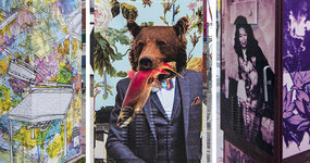 His collection and composition of found and photographed images, once extracted, are then peeled, layered, repeated and rephotographed. The cinematics of space and person recall a broader narrative.
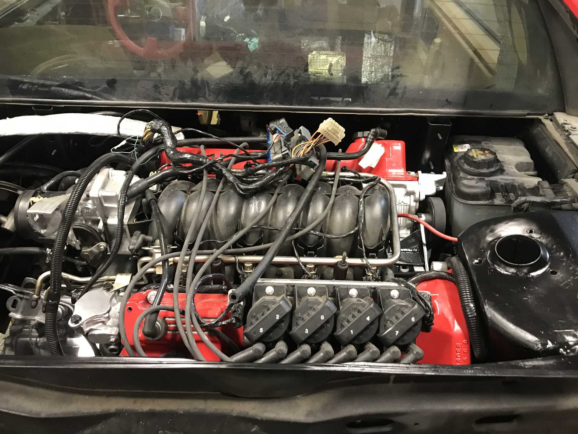 7/11/21 The 02 sensor got pinched when the engine went in, so I needed to pull it and fix the wiring on it. We had Mr. Eric listen to the engine. He thought it sounded great. The ticking was gone, and he said it was probably air caught in the lifters. There seemed to be typically valve train noise. Remember there is no exhaust yet so it’s very loud. The engine would backfire under power which is odd.
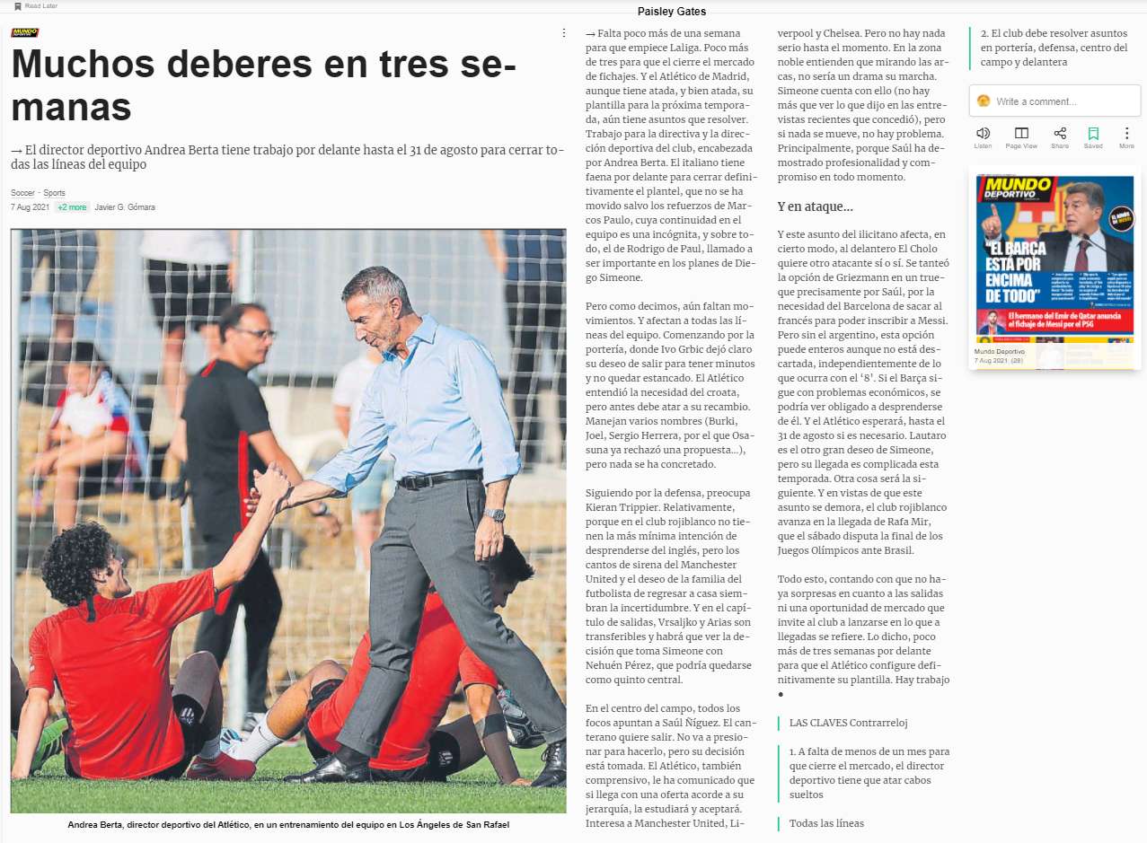 AS claim that from England, the likes of Liverpool and Manchester United have been insisting on signing Saul from the reigning La Liga champions, who are prepared to let him leave for the right price. However, so far, the Spanish side have not received a single offer. It is stated that the player could agree a move at the very last minute in this transfer window.
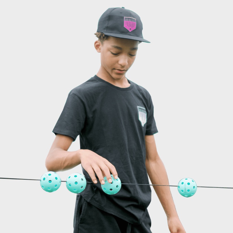 Introducing the Plate Crate Clip Hitter your secret weapon for refining your baseball swing. Elevate your training with this innovative tool that features a series of wiffle balls strung together on a cord.
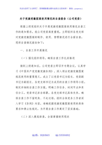 / 关于党旗党徽图案使用情况的自查报告(公司党委)
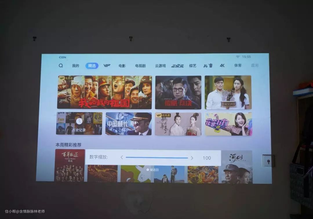 ▲我们还有一种情况,在使用投影仪的时候经常需要挪动位置来匹配墙面的大小,现在的投影仪基本都需要前后的挪动才能匹配更合适的画面的大小,坚果J9 支持图片数字缩放,也就意味可以在不挪动投影仪的情况下调整画面的大小。
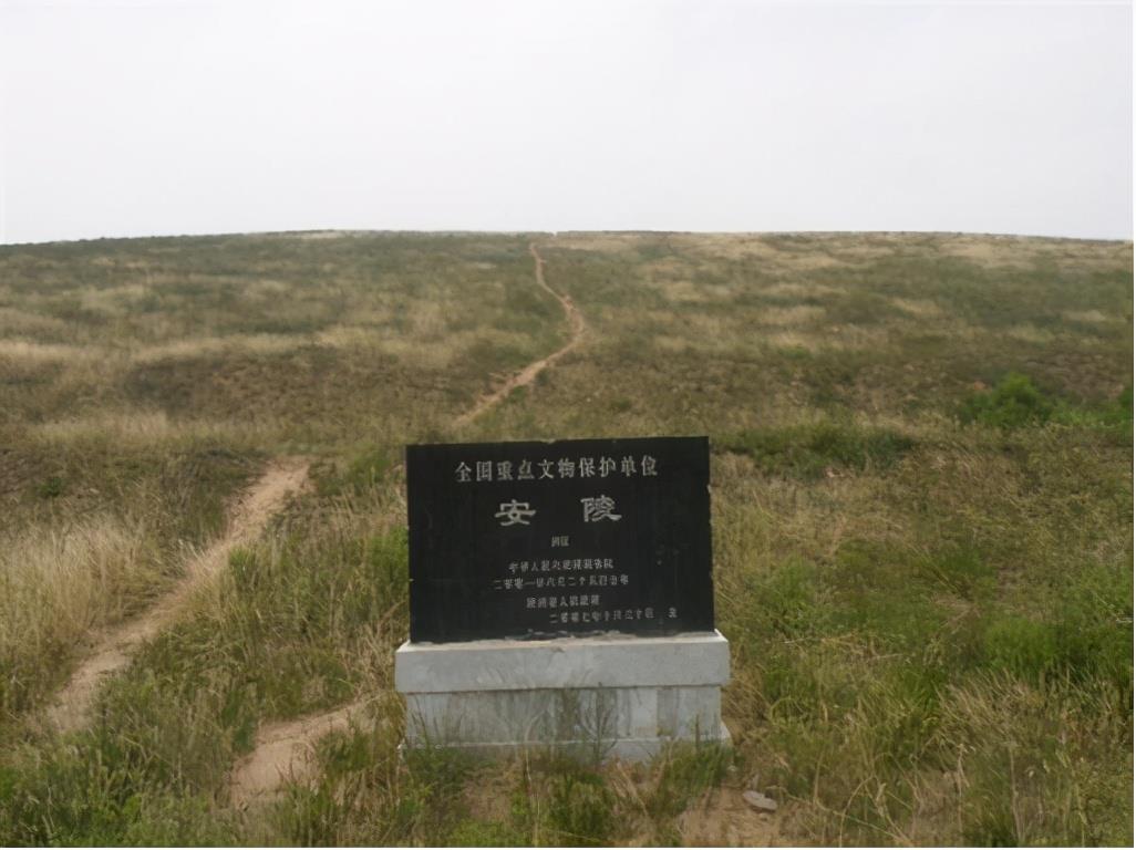 安陵是西汉惠帝刘盈与皇后张嫣的陵寝,位于咸阳原汉高祖刘邦长陵西侧,东侧大坟丘为汉惠帝陵冢,西侧为张皇后陵冢。陵冢北侧发现安陵邑遗址,附近存有鲁元公主、张敖、陈平等十二座陪葬墓,出土了大量武士俑、乐舞俑、动物俑等文物。
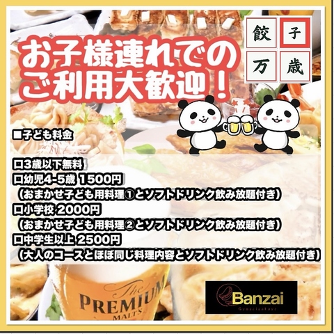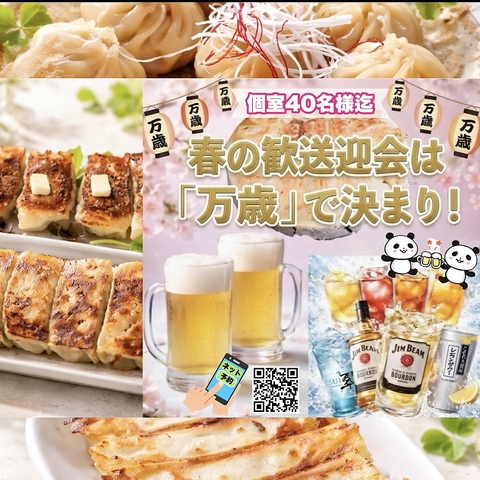 皆で盛り上げる新歓コンパや学生宴会、歓送迎会は万歳グループで!大人数もおまかせ!座敷でゆったりできる◎安心グッドな宴会場!1次会もちろん2次会にも◎盛り上がるのに最適なお店!個室は40名様迄!貸切宴会は最大80名様迄OK!当日OK2H飲放コースは3000円~5000円(税込)またお得な2次会コースは2300円(税込)飲み会で超☆ごきげんになろう♪

• **Assigned task**:
Output the full listing above exactly, excluding all pictures.

• **Expected output**:
 His collection and composition of found and photographed images, once extracted, are then peeled, layered, repeated and rephotographed. The cinematics of space and person recall a broader narrative.
 7/11/21 The 02 sensor got pinched when the engine went in, so I needed to pull it and fix the wiring on it. We had Mr. Eric listen to the engine. He thought it sounded great. The ticking was gone, and he said it was probably air caught in the lifters. There seemed to be typically valve train noise. Remember there is no exhaust yet so it’s very loud. The engine would backfire under power which is odd.
 AS claim that from England, the likes of Liverpool and Manchester United have been insisting on signing Saul from the reigning La Liga champions, who are prepared to let him leave for the right price. However, so far, the Spanish side have not received a single offer. It is stated that the player could agree a move at the very last minute in this transfer window.
 Introducing the Plate Crate Clip Hitter your secret weapon for refining your baseball swing. Elevate your training with this innovative tool that features a series of wiffle balls strung together on a cord.
 / 关于党旗党徽图案使用情况的自查报告(公司党委)
 ▲我们还有一种情况,在使用投影仪的时候经常需要挪动位置来匹配墙面的大小,现在的投影仪基本都需要前后的挪动才能匹配更合适的画面的大小,坚果J9 支持图片数字缩放,也就意味可以在不挪动投影仪的情况下调整画面的大小。
 安陵是西汉惠帝刘盈与皇后张嫣的陵寝,位于咸阳原汉高祖刘邦长陵西侧,东侧大坟丘为汉惠帝陵冢,西侧为张皇后陵冢。陵冢北侧发现安陵邑遗址,附近存有鲁元公主、张敖、陈平等十二座陪葬墓,出土了大量武士俑、乐舞俑、动物俑等文物。
 皆で盛り上げる新歓コンパや学生宴会、歓送迎会は万歳グループで!大人数もおまかせ!座敷でゆったりできる◎安心グッドな宴会場!1次会もちろん2次会にも◎盛り上がるのに最適なお店!個室は40名様迄!貸切宴会は最大80名様迄OK!当日OK2H飲放コースは3000円~5000円(税込)またお得な2次会コースは2300円(税込)飲み会で超☆ごきげんになろう♪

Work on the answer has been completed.